[Collection entries]
────────
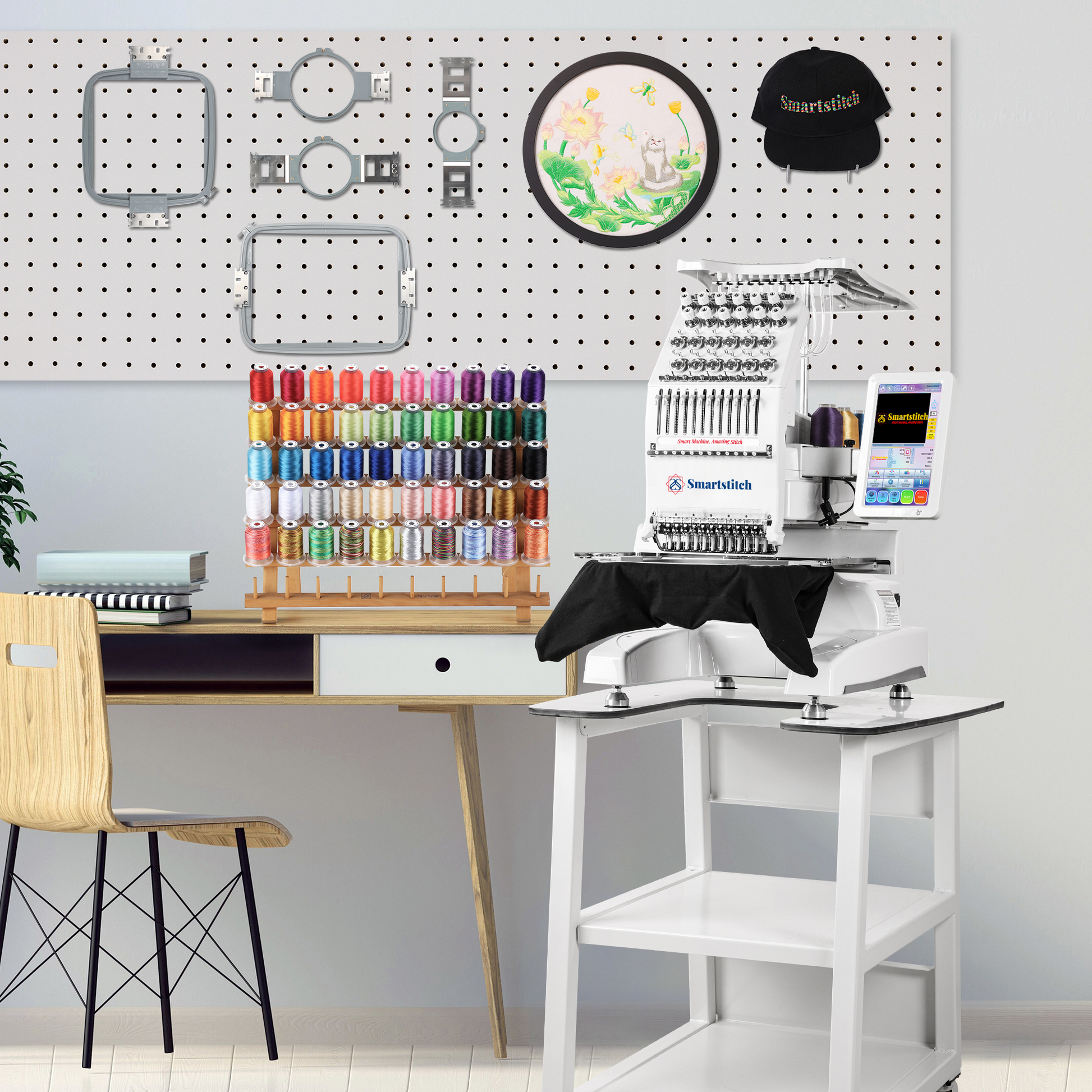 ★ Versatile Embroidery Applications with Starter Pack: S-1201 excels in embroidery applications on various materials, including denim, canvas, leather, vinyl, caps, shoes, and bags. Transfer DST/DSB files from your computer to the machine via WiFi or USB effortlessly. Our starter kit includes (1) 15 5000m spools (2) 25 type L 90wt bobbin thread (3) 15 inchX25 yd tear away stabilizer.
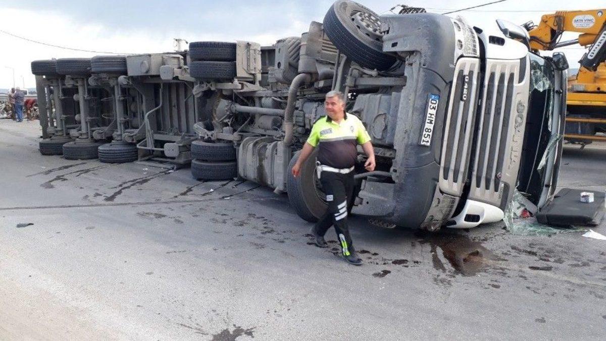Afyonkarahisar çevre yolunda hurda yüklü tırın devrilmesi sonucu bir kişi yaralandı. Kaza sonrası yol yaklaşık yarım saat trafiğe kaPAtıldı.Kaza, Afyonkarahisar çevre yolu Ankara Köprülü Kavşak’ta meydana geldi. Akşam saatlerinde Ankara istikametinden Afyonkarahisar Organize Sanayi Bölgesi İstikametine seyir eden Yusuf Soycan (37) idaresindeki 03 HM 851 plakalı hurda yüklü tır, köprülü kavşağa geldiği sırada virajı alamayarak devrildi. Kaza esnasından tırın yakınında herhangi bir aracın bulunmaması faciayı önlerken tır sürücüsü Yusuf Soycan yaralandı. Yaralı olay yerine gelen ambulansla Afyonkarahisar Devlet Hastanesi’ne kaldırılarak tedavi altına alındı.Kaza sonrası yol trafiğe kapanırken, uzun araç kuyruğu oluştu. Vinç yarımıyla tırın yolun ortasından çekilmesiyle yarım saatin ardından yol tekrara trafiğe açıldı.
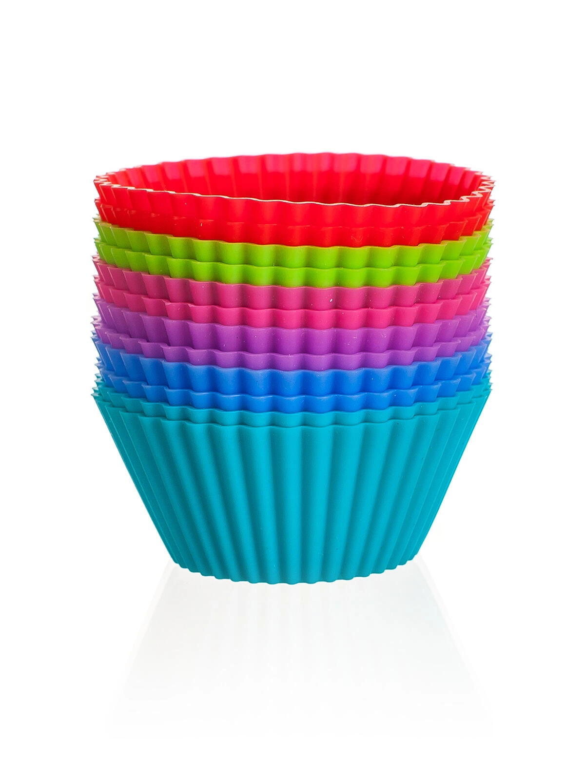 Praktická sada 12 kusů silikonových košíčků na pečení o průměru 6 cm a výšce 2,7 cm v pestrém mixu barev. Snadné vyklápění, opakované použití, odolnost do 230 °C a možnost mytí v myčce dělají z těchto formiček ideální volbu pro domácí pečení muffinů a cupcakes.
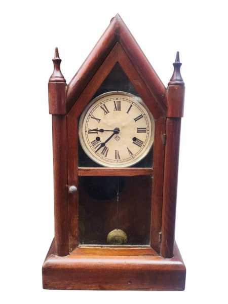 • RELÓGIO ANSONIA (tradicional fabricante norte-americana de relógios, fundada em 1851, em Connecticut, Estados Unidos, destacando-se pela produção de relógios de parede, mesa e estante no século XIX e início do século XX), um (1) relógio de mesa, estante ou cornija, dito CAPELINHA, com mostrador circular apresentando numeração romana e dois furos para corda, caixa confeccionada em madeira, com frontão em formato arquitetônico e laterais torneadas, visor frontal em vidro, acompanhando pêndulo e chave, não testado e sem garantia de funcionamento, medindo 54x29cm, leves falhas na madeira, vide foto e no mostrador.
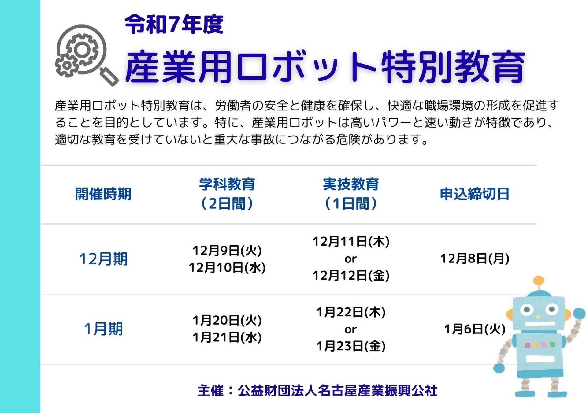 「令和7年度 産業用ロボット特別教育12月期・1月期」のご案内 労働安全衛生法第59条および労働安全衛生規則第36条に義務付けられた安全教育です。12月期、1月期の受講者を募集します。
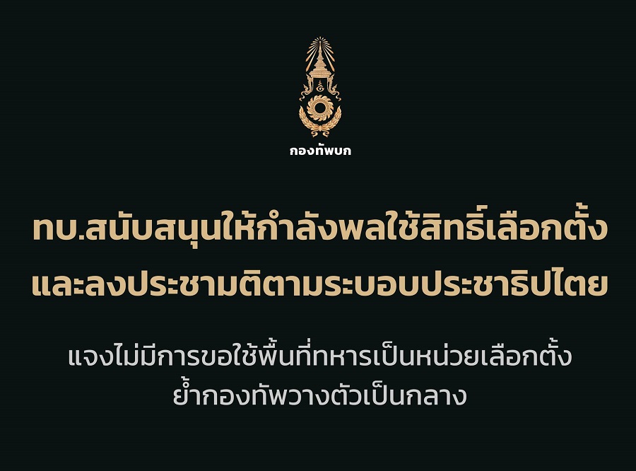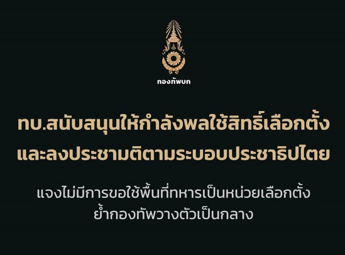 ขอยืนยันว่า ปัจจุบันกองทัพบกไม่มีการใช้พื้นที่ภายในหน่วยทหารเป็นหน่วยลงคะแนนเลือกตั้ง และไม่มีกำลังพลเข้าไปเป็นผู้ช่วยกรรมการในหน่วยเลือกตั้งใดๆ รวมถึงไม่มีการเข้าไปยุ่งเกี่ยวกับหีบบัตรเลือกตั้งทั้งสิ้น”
────────
# Exercise prompt
Output the entries verbatim, skipping images.

# Output of the task
 ★ Versatile Embroidery Applications with Starter Pack: S-1201 excels in embroidery applications on various materials, including denim, canvas, leather, vinyl, caps, shoes, and bags. Transfer DST/DSB files from your computer to the machine via WiFi or USB effortlessly. Our starter kit includes (1) 15 5000m spools (2) 25 type L 90wt bobbin thread (3) 15 inchX25 yd tear away stabilizer.
Afyonkarahisar çevre yolunda hurda yüklü tırın devrilmesi sonucu bir kişi yaralandı. Kaza sonrası yol yaklaşık yarım saat trafiğe kaPAtıldı.Kaza, Afyonkarahisar çevre yolu Ankara Köprülü Kavşak’ta meydana geldi. Akşam saatlerinde Ankara istikametinden Afyonkarahisar Organize Sanayi Bölgesi İstikametine seyir eden Yusuf Soycan (37) idaresindeki 03 HM 851 plakalı hurda yüklü tır, köprülü kavşağa geldiği sırada virajı alamayarak devrildi. Kaza esnasından tırın yakınında herhangi bir aracın bulunmaması faciayı önlerken tır sürücüsü Yusuf Soycan yaralandı. Yaralı olay yerine gelen ambulansla Afyonkarahisar Devlet Hastanesi’ne kaldırılarak tedavi altına alındı.Kaza sonrası yol trafiğe kapanırken, uzun araç kuyruğu oluştu. Vinç yarımıyla tırın yolun ortasından çekilmesiyle yarım saatin ardından yol tekrara trafiğe açıldı.
 Praktická sada 12 kusů silikonových košíčků na pečení o průměru 6 cm a výšce 2,7 cm v pestrém mixu barev. Snadné vyklápění, opakované použití, odolnost do 230 °C a možnost mytí v myčce dělají z těchto formiček ideální volbu pro domácí pečení muffinů a cupcakes.
 • RELÓGIO ANSONIA (tradicional fabricante norte-americana de relógios, fundada em 1851, em Connecticut, Estados Unidos, destacando-se pela produção de relógios de parede, mesa e estante no século XIX e início do século XX), um (1) relógio de mesa, estante ou cornija, dito CAPELINHA, com mostrador circular apresentando numeração romana e dois furos para corda, caixa confeccionada em madeira, com frontão em formato arquitetônico e laterais torneadas, visor frontal em vidro, acompanhando pêndulo e chave, não testado e sem garantia de funcionamento, medindo 54x29cm, leves falhas na madeira, vide foto e no mostrador.
 「令和7年度 産業用ロボット特別教育12月期・1月期」のご案内 労働安全衛生法第59条および労働安全衛生規則第36条に義務付けられた安全教育です。12月期、1月期の受講者を募集します。
 ขอยืนยันว่า ปัจจุบันกองทัพบกไม่มีการใช้พื้นที่ภายในหน่วยทหารเป็นหน่วยลงคะแนนเลือกตั้ง และไม่มีกำลังพลเข้าไปเป็นผู้ช่วยกรรมการในหน่วยเลือกตั้งใดๆ รวมถึงไม่มีการเข้าไปยุ่งเกี่ยวกับหีบบัตรเลือกตั้งทั้งสิ้น”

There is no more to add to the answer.